Custom Authentication Manager with Spring Security and Java Configuration - ungamboling327182 - 08-02-2023

I am using Spring Security with SpringMVC to create a web application (I will refer to this as the WebApp for clarity) that speaks to an existing application (I will refer to this as BackendApp).

I want to delegate authentication responsibilities to the BackendApp (so that I don't need to synchronise the two applications).

To implement this, I would like the WebApp (running spring security) to communicate to the BackendApp via REST with the username and password provided by the user in a form and authenticate based on whether the BackendApp's response is 200 OK or 401 Unauthorised.

I understand I will need to write a custom Authentication Manager to do this however I am very new to spring and can't find any information on how to implement it.
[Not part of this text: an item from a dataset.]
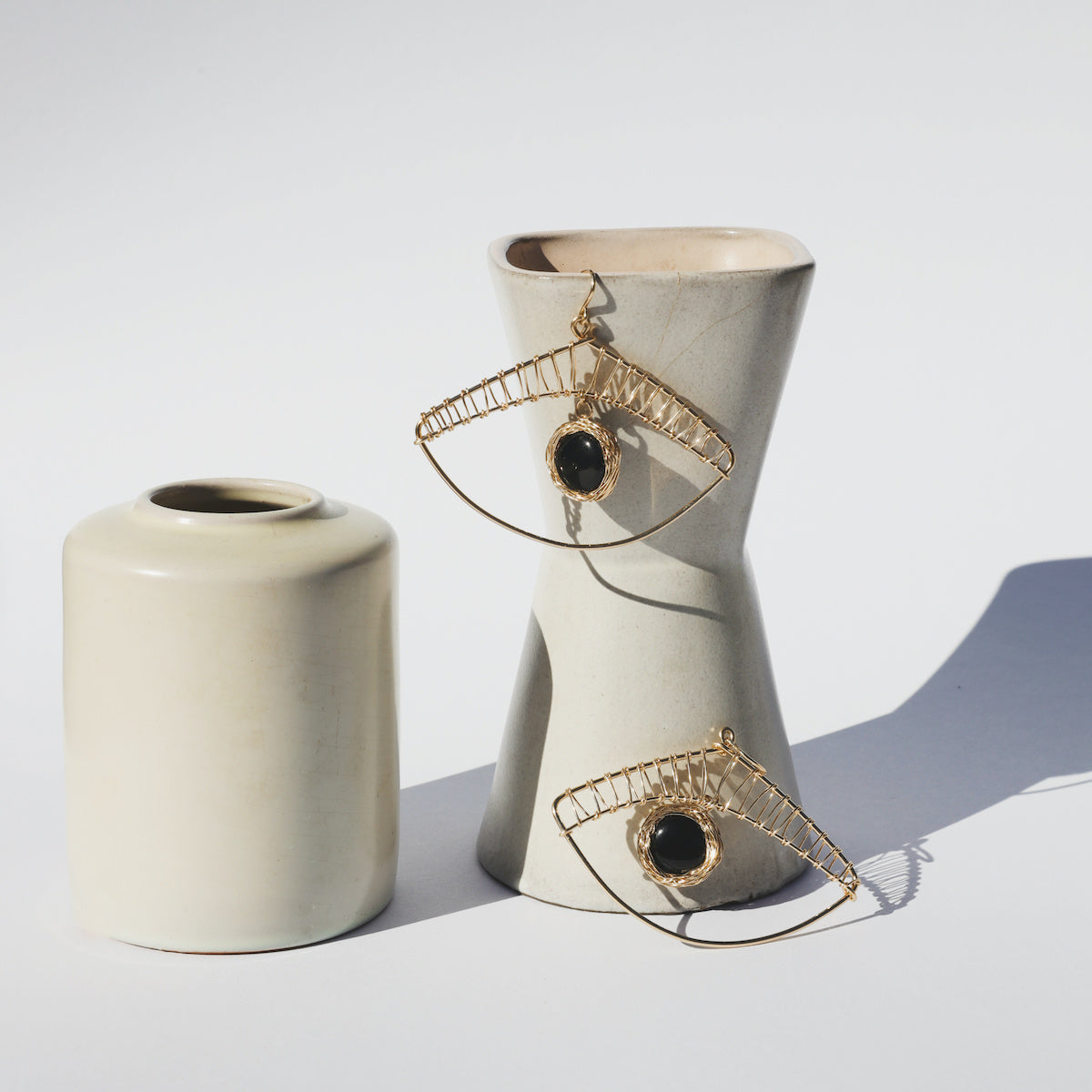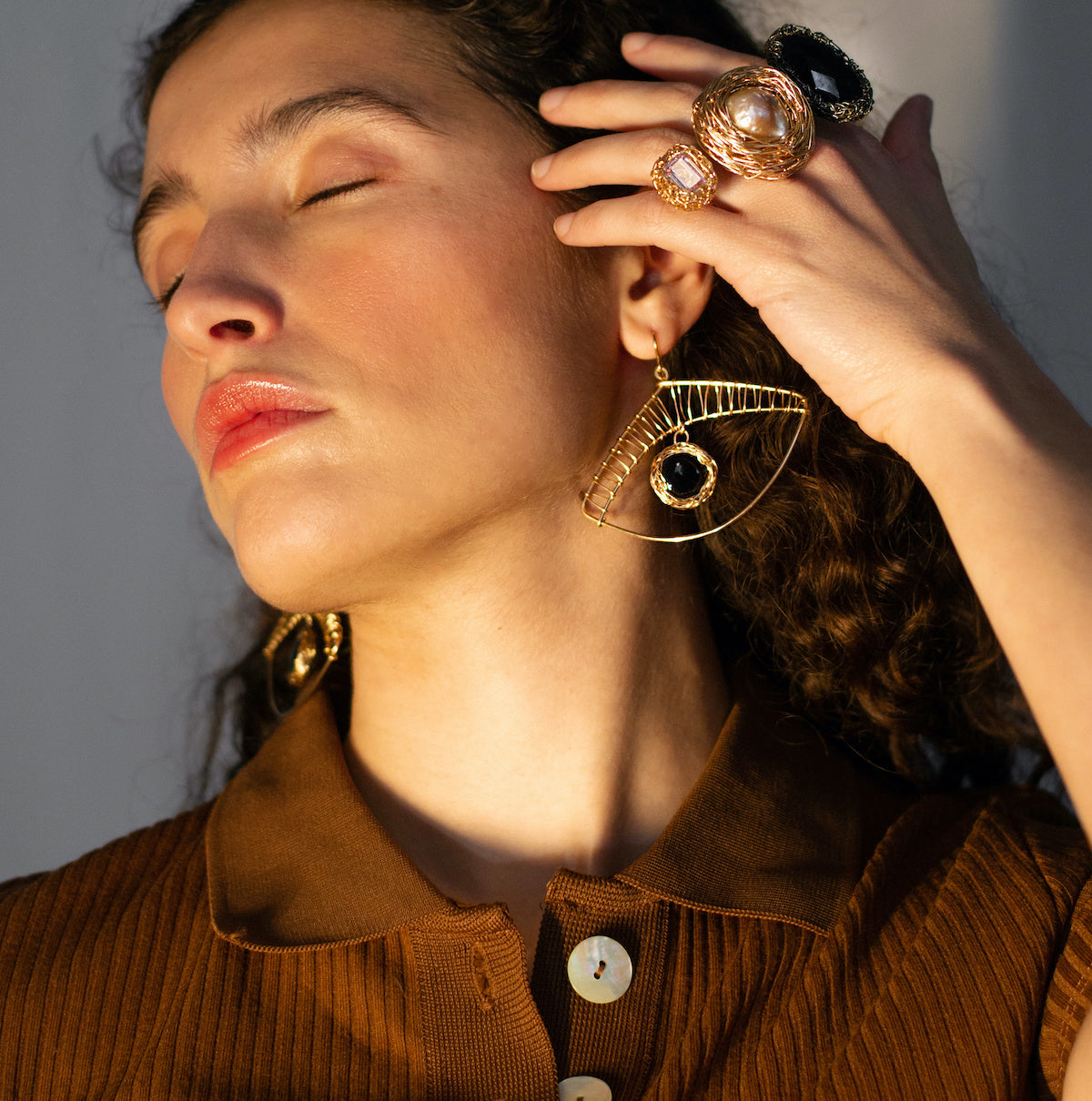 With Iksha, I wanted to translate that familiar shape into a pair of contemporary earrings with presence, character and a slightly playful edge. The eye form gives them something watchful and expressive, while the black onyx adds depth and a quiet boldness. They are light enough to wear with ease, yet striking enough to change the whole feeling of a face.

I believe I will need to do something like this:

public class CustomAuthenticationManager implements AuthenticationManager{

@Override
public Authentication authenticate(Authentication authentication) throws AuthenticationException {

String username = authentication.getName();
String pw = authentication.getCredentials().toString();

// Code to make rest call here and check for OK or Unauthorised.
// What do I return?

}

}

Do I set authentication.setAuthenticated(true) if successful and false if otherwise and thats it?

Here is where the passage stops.